** Data shown **
⟨

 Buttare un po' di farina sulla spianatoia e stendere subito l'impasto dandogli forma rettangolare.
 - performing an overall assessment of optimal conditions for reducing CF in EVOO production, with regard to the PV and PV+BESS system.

⟩
⟨

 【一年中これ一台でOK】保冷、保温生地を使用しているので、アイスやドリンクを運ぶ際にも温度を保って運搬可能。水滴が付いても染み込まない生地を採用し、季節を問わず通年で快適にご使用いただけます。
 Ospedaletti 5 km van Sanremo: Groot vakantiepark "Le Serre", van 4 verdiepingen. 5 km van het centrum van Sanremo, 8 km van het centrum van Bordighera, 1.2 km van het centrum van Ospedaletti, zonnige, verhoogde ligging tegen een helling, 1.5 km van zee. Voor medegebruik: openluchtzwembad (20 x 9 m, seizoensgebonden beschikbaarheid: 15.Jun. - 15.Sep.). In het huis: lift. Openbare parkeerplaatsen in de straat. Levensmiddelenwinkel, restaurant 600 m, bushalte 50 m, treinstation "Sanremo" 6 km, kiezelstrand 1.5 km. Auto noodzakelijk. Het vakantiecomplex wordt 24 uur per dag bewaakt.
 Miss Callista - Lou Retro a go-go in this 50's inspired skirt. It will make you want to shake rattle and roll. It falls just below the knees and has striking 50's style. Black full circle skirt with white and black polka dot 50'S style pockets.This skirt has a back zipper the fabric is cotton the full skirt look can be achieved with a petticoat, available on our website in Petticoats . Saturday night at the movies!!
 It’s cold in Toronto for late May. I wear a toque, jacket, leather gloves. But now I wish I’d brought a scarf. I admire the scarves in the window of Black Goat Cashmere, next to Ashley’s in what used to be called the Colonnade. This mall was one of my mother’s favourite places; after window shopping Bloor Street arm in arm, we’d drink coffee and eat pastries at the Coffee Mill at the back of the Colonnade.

⟩

** Task directions **
Keeping every character as it is, restate the lines above that run from the line with "Buttare un po'" through the line with "- performing an", both included, and nothing else.

** Exercise response **
 Buttare un po' di farina sulla spianatoia e stendere subito l'impasto dandogli forma rettangolare.
 - performing an overall assessment of optimal conditions for reducing CF in EVOO production, with regard to the PV and PV+BESS system.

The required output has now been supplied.